> [Directions]
Please output the lines from the one with "ore 9 pom. |" through the end of the data exactly as written, omitting all pictures.

[Excerpts from a dataset]
......

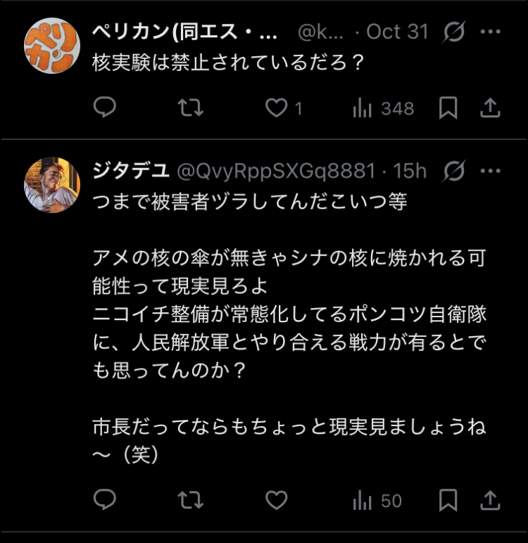 高市応援団「高市さんの支持率を下げたいのか?」「いつまで長崎は被害者ヅラしてんだ」「中国や北朝鮮にも言えよ!」(言ってる)
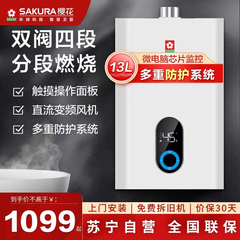 今天樱花13升燃气热水器已到,师傅很快到家安装好。使用了质量不错,比原来买的樱花12升有些性能有所改善,如果时间长开着的温度显示会跳掉,这点性能很好。目前使用水温稳定,出水量可以。樱花是老牌子了,值得购买!
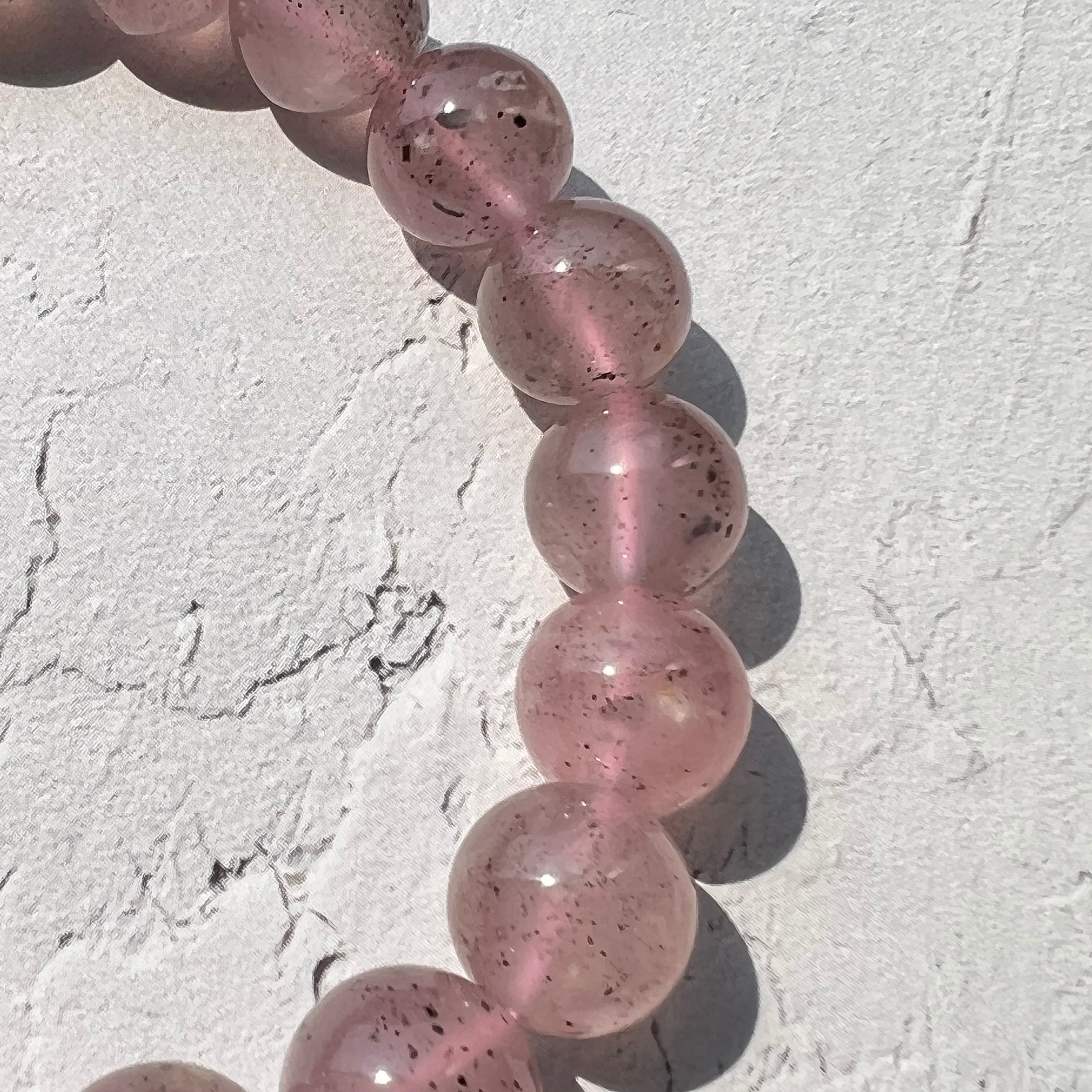 ヒマラヤのガネーシュで採れるローズクォーツは、色合いとは正反対な強さを感じます。
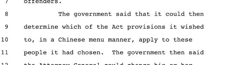 #ChineseMenuGate from yesterday's oral argument in Gundy v. United States. (1) During oral argument, Justice Gorsuch asked a question about the gov't's power to apply a sex offender law in various ways. The relevant portion is below.pic.twitter.com/FP22Yh2XRz
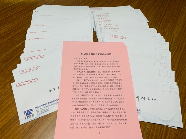 集團(tuán)開展致全體干部職工家屬的公開信活動 6月18日,集團(tuán)緊貼廉政教育月活動要求,將“致全體干部職工家屬的公開信”交到每一名職工手中,以這種家書形式廣泛宣傳廉潔清正的重要性,呼吁他們爭當(dāng)反腐倡廉的“廉內(nèi)助”。
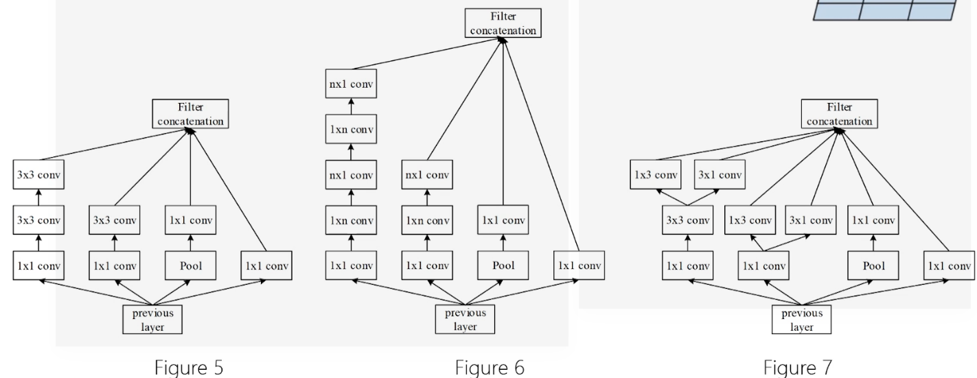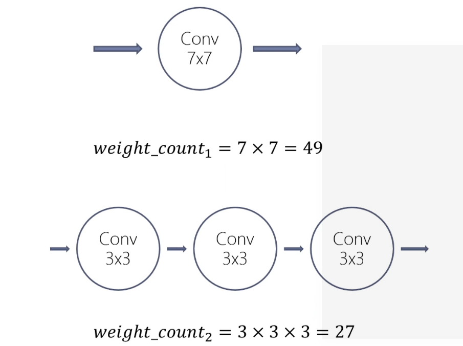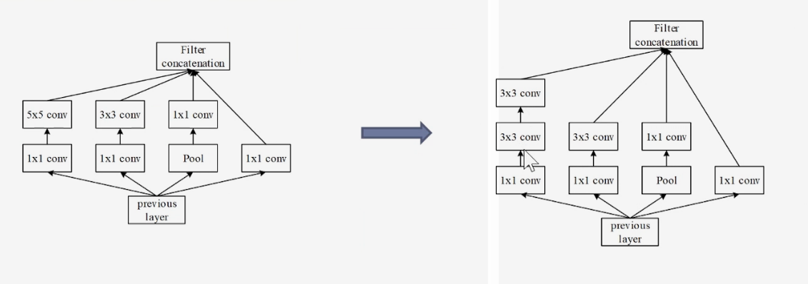 原因:是一个\(5*5\)conv和两个\(3*3\)conv的感受野大小相同;每个卷积层加入Relu,两层\(3*3\)conv决策函数区分能力更强。
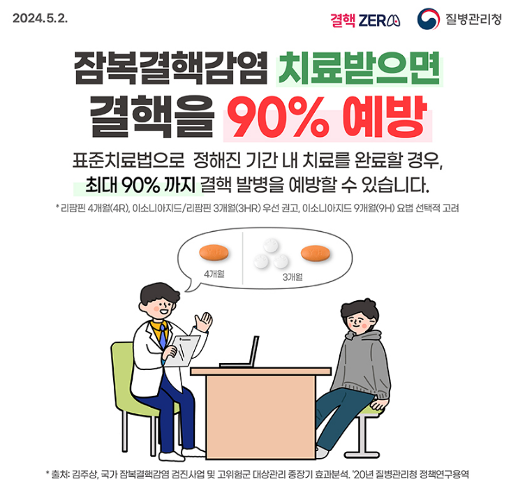 표준치료법으로 정해진 기간 내 치료를 완료할 경우, 최대 90% 까지 결핵 발병을 예방할 수 있습니다.
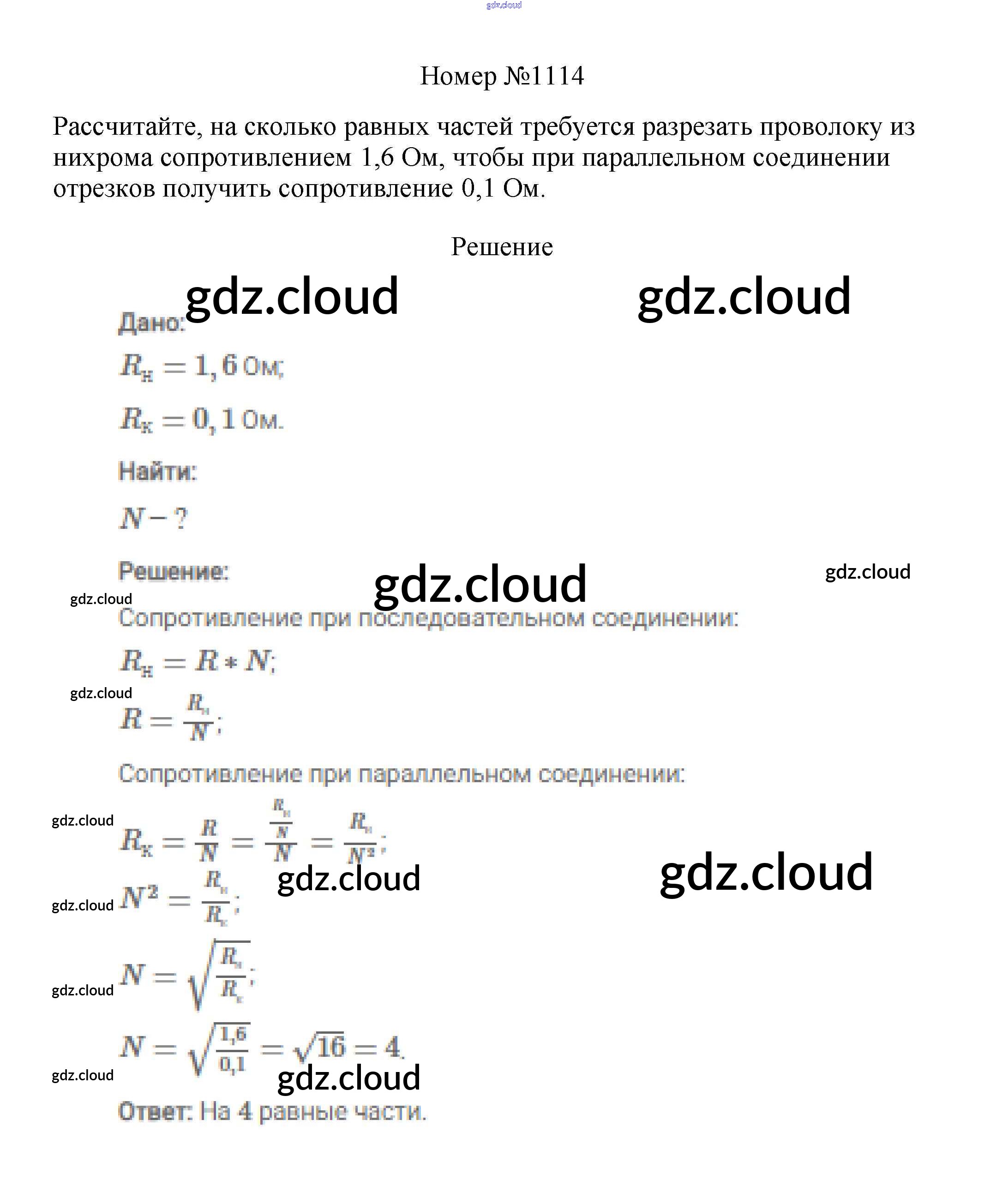 Ответ на задание 1114 Сборник вопросов и задач Физика за 7, 8, 9 (седьмой, восьмой, девятый) класс Марон, Позойский Вертикаль 2013
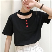 愛心桃心形紐扣裝飾掛脖領短袖上衣 [上衣] [TE...
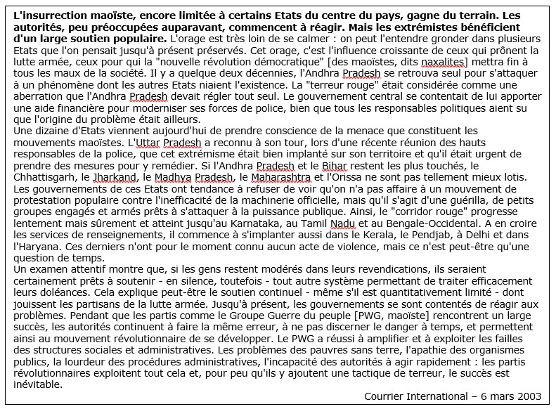 Par ailleurs, People’s War développe depuis des années un travail d’analyse et de réflexion sur la situation mondiale et la réalité politique et sociale de l’Inde qui en font une force particulièrement sérieuse et respectable, même si on n’en partage pas l’ensemble des positions.
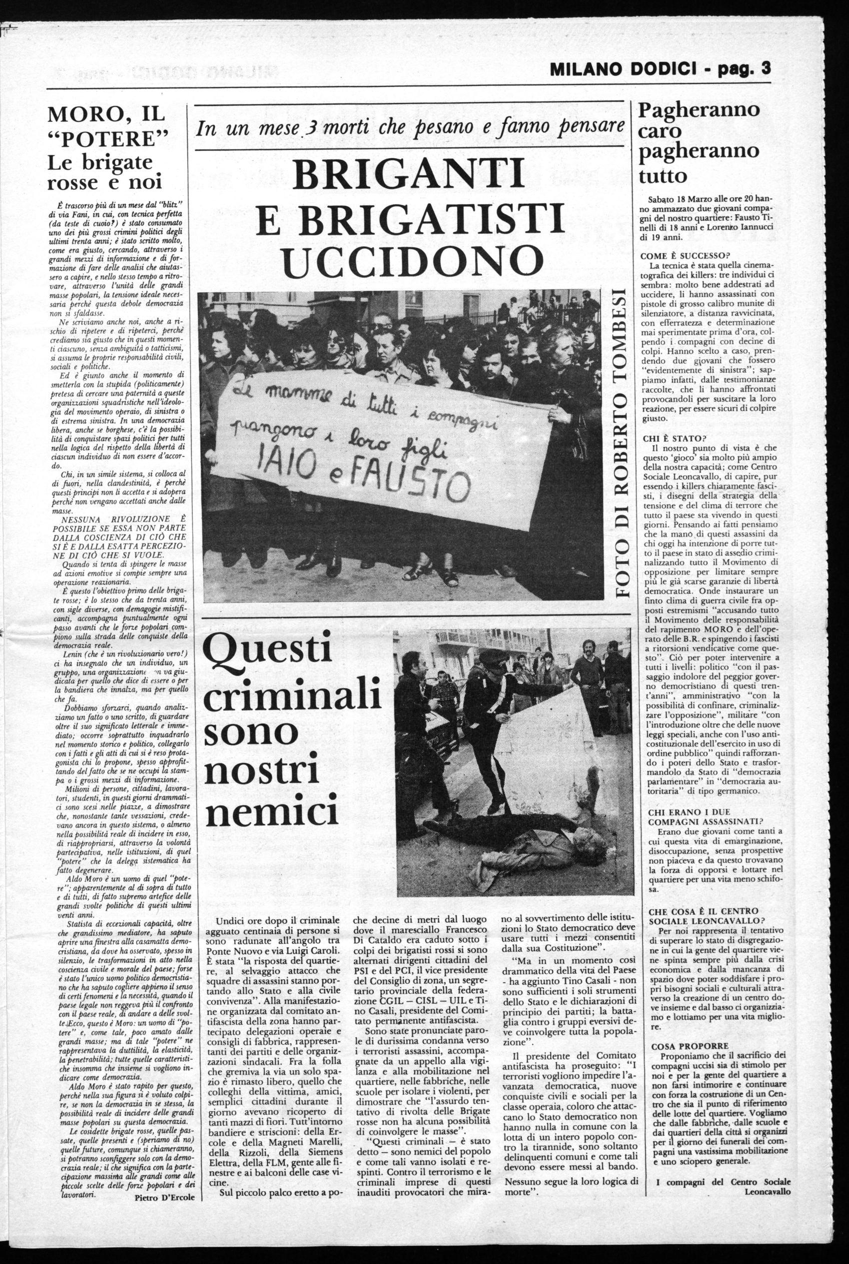 È trascorso più di un mese dal "blitz" di via Fani, in cui, con tecnica perfetta (da teste di cuoio?) è stato consumato uno dei più grossi crimini politici degli ultimi trenta anni; è stato scritto molto, come era giusto, cercando, attraverso i grandi mezzi di informazione e di formazione di fare delle analisi che aiutassero a capire, e nello stesso tempo a ritrovare, attraverso l'unità delle grandi masse popolari, la tensione ideale necessaria perchè questa debole democrazia non si sfaldasse.
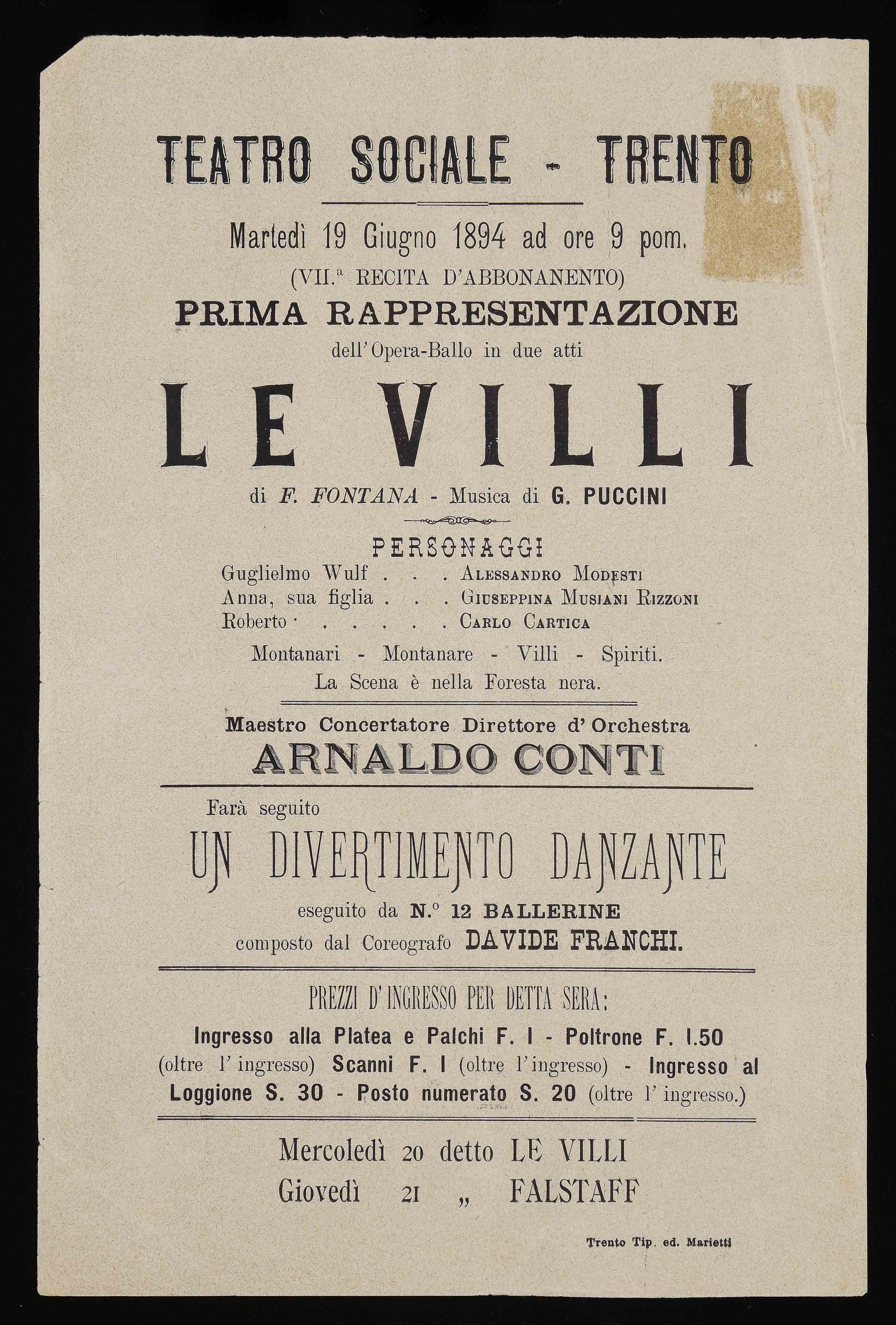 | Teatro Sociale – Trento. Martedì 19 giugno 1894 ad ore 9 pom. |
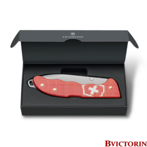 Explora los exteriores con esta navaja de bolsillo de 5 funciones hecha en Suiza con cachas de aluminio grabadas y anodizadas

......

> [Solution]
 | Teatro Sociale – Trento. Martedì 19 giugno 1894 ad ore 9 pom. |
 Explora los exteriores con esta navaja de bolsillo de 5 funciones hecha en Suiza con cachas de aluminio grabadas y anodizadas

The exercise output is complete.